- Born: 1924
- Died: April 4, 2001 (aged 76–77)
- Education: Carleton College, University of Rochester (PhD)
- Occupation: Historian
- Years active: 1947-1993
- Employer(s): Wayne State University; Miami University
- Known for: The history of the early American republic
- Title: W. E. Smith Professor of History at Miami University
- Spouse(s): Judith Ann Mortenson, 1961
- Children: 3
- Awards: Frederick Jackson Turner Award (1965)

= Ronald E. Shaw =

American historian (1924–2001)

Ronald E. Shaw (1924 – April 4, 2001) was an American historian specializing in western civilization, American social and economic history, and the history of the early American republic.

==Life==
He served in the Army from 1943 to 1946. He earned a bachelor's degree from Carleton College in 1947 and taught at Wayne State University while pursuing graduate studies. He graduated from the University of Rochester in 1954 with a PhD.

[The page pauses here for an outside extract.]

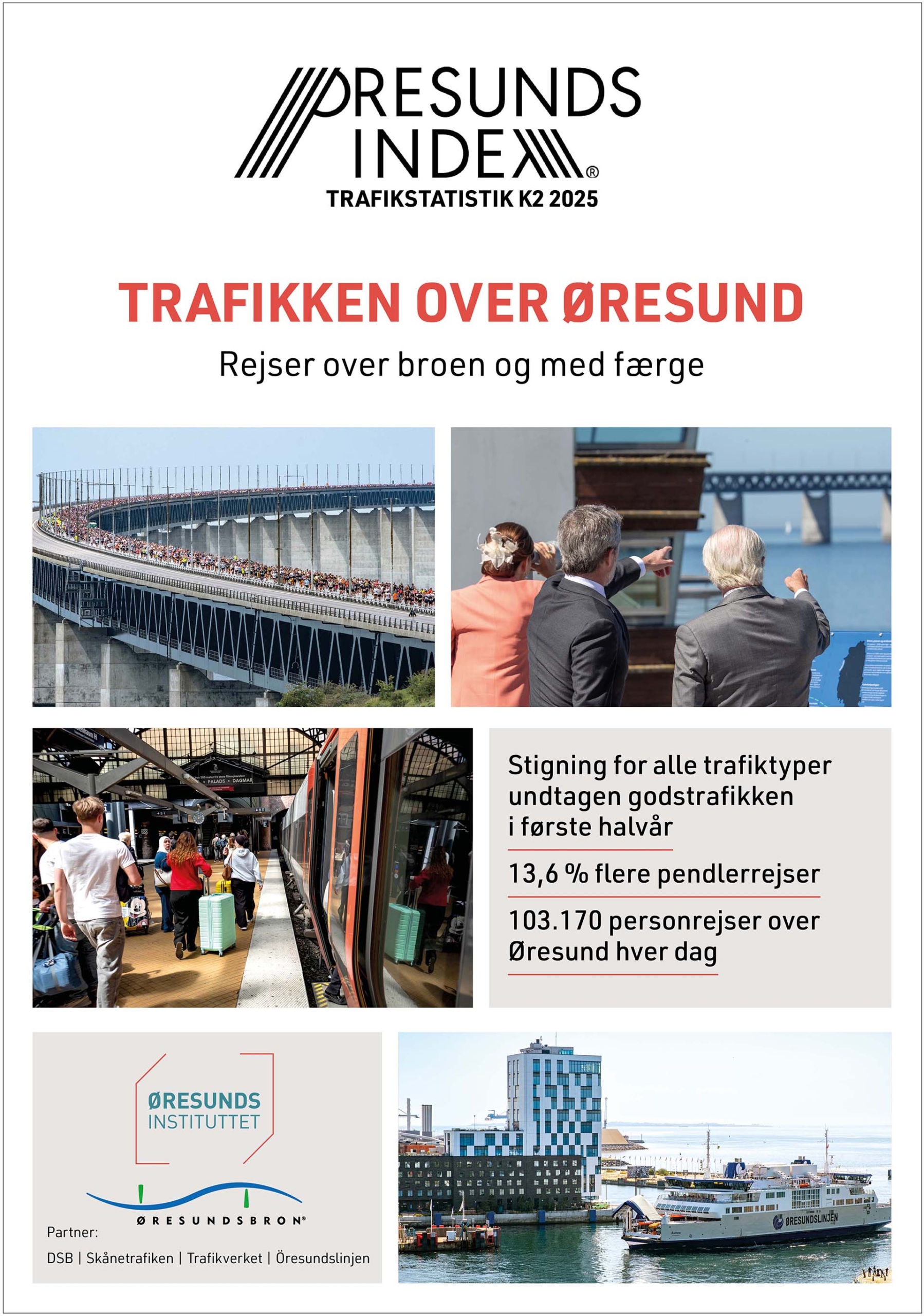 Mest steg antallet af pendlerrejser, plus 13,6 procent i første halvår 2025 sammenlignet med samme periode året før. Det samlede antal personrejser steg med 6,7 procent i første halvår, mens antallet af personbiler, der passerede over Øresund via bro og færge, steg med 6,1 procent. Det viser rapporten Øresundsindex trafikstatistik, som Øresundsinstituttet udarbejder på opdrag af Øresundsbro Konsortiet.
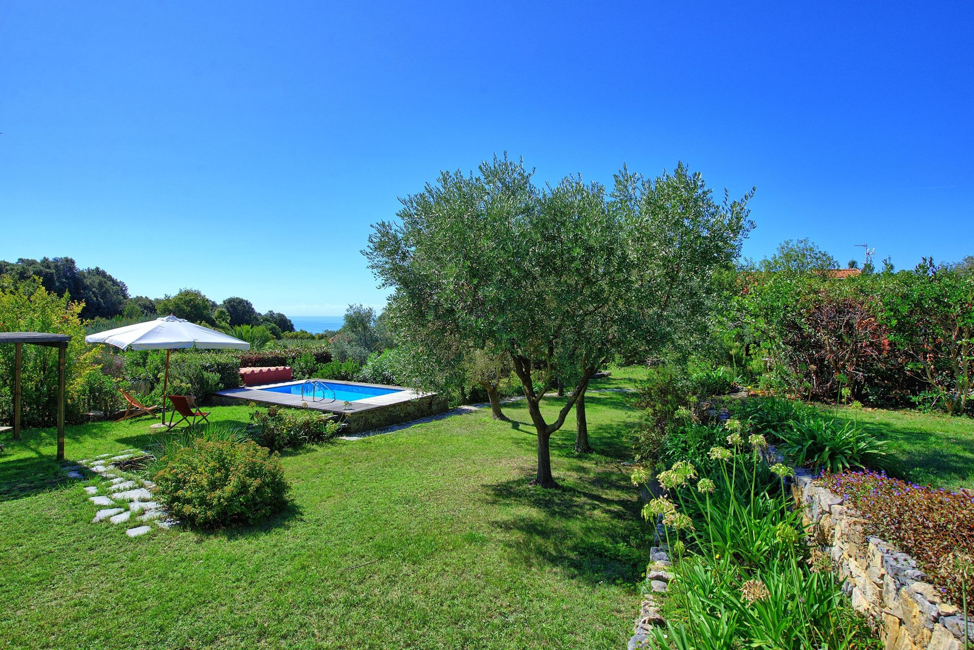 Sommerhus beliggende lige ved den lille landsby Montemarcello i Ligurien. Byen er en af de smukkeste borgbyer i Italien. Ejendommen har en privat pool og er beliggende i et meget naturskønt område over Punta Corvo.

He taught at Wayne State University, and Miami University from 1950 until 1993, the first W. E. Smith Professor of History.

==Awards==
- 1965 Frederick Jackson Turner Award

==Works==
- "Canals for a Nation: The Canal Era in the United States, 1790-1860" (1993) Reprint of 1990 volume.
- "Erie Water West: A History of the Erie Canal, 1792-1854" (1990) Reprint of the original 1966 volume.